If you have children or a dog, they will most likely love to help you squeeze in your steps! Play outside with your kids or dog when you get home from work. Run around your backyard, go for a walk, visit a playground or a dog park. You’ll spend some quality time with your family while increasing your step count.
Complete a cardio workout.
If walking isn’t your thing, opt for another form of cardio. You can go for a run, jump rope, or complete any cardio workout in your living room. Many bodyweight moves can really increase your step count right in your living room, even while watching tv. Try some jumping jacks, mountain climbers, skaters, or butt kicks during the next commercial break to add in some extra steps.
Related: 14 Free Workouts to Try & 15 Minute Bodyweight Workout You Can Do Anywhere
Try for three short walks a day.
Knowing that you have to walk 5 miles in order to hit 10,000 steps for the day can feel a little intimidating. Rather than trying to squeeze in one long walk, break them up throughout the day. Head out for a short walk before work, one after lunch, and another after dinner. By incorporating three walks of only 30 minutes or so you will hit your step count without even trying.
Do some household chores.
Chores like vacuuming, dusting, cutting the grass or washing your car help you fit in more steps while being productive. If you have an especially sedentary day, opt to check one of your chores off the list and boost your steps. Anything that requires you to move around the house or yard will make a big difference.

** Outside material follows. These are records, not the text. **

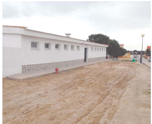
Foto del aparcamiento del campo de fútbol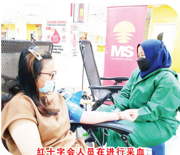
红十字会人员在进行采血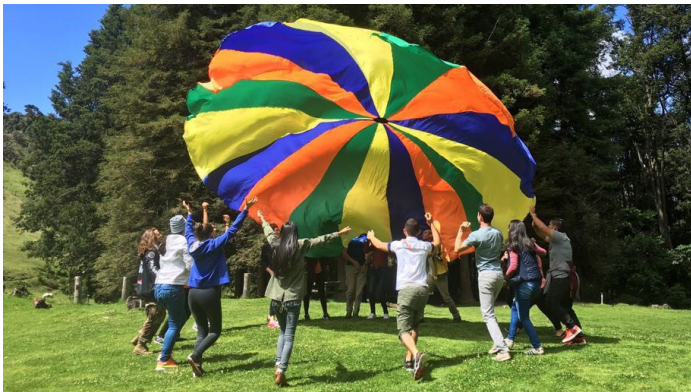
Figura 12. Los beneficios personales de la recreación en la población estudiantil del PARE, generan un estado de bienestar, donde la persona se siente parte de un grupo de apoyo y puede compartir vivencias que le ayudan a crecer personal y socialmente, dentro del ambiente universitario y como ciudadano en general.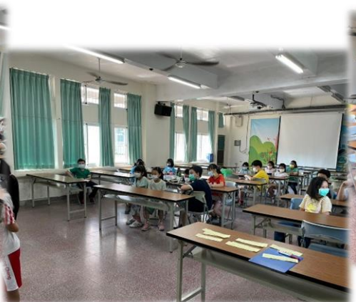
什麼什麼?! 沒有稿子?! 有點緊張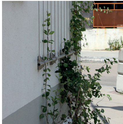
Mehrfachseilführung mit langem Tragrohr für breite Begrünungen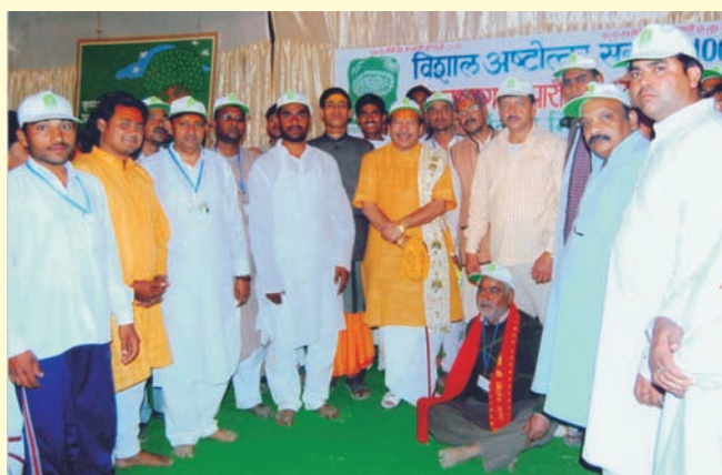
Shri Thakurji with PM enthusiasts. श्री ठाकुरजी पीएम प्रेमियों के साथ

बाद में, ११ मई २००८ को चंडीगढ़ के पीएम परिवार ने पर्यावरण के बारे में जागरूकता फैलाने के लिए ठाकुरजी की कथा में भाग लिया. प्रवेश द्वार पर पीएम बैनर लगाए गए. चंडीगढ़ पीएम परिवार के सदस्यों ने दो स्टॉल भी लगाए.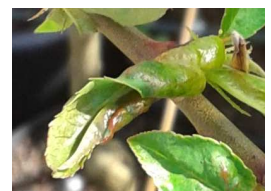
Cloque du pêcher Taphrina deformans FREDON BN

Evolution à suivre : la météo n'est pas favorable à son développement. Un temps frais et humide favorise la prolifération de ce champignon.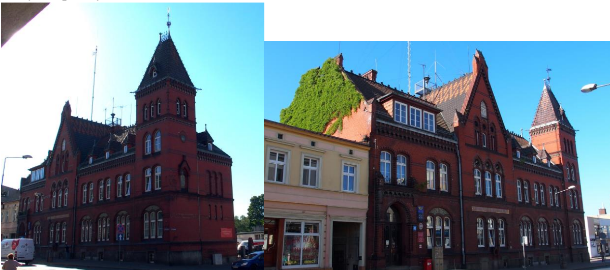
Zdjęcia nr 11, 12. Budynek poczty, ul. Kilińszczaków 30

Budynek wzniesiony w 1895 r., neogotycki. Wysoko podpiwniczony budynek dwukondygnacyjny na rzucie prostokąta, nakryty czterospadowym dachem, o znacznie rozczłonkowanej bryle. W narożu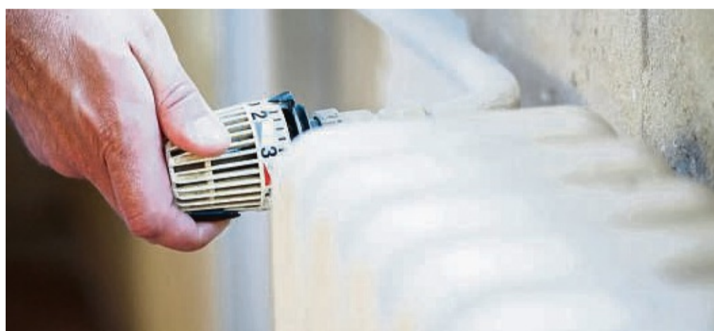
Die Stufen eins bis fünf auf dem Heizkörper-Thermostat entsprechen der Zieltemperatur im Raum, nicht der Aufwärmgeschwindigkeit.

Wer Heizkosten sparen möchte, sollte nicht mehr heizen als nötig. Dabei ist vor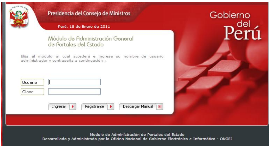
Fig. 1 Pantalla de inicio

La dirección del modulo de Mantenimiento es la que se muestra a continuación: http://www.peru.gob.pe/nuevo_portal_municipal/admin/gen_inicio.asp (Ver Fig. 1)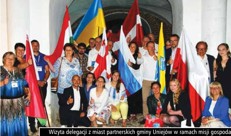
Wizyta delegacji z miast partnerskich gminy Uniejów w ramach misji gospodarczej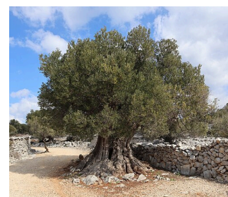
1600 let starý olivovník v Lunu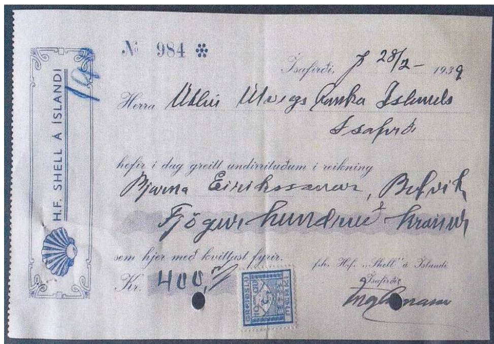
Afb. 3. Kwitantie met Greidslumerki met perfin S.Á.Í.

Deze belastingverplichting en dus ook het gebruik van deze zegels liep tot 31 maart 1941. Enige tijd terug is er een kwitantie opgedoken waarop een GREIÐSLUMERKI van 10 Aur zat. Zie afbeelding 3.

Getting 10,000 steps a day sounds like a huge number when you realize it means walking 5 miles, but your step goal can be accomplished in so many different ways. Finding a way to increase your activity level throughout the day really starts to add up.
Rather than trying to fit all your steps in at once, make small changes at regular points during the day. Remember to get up from your desk frequently, and try to find evening activities that keep you off the couch. Find the ways that work for you and make them a part of your daily routine.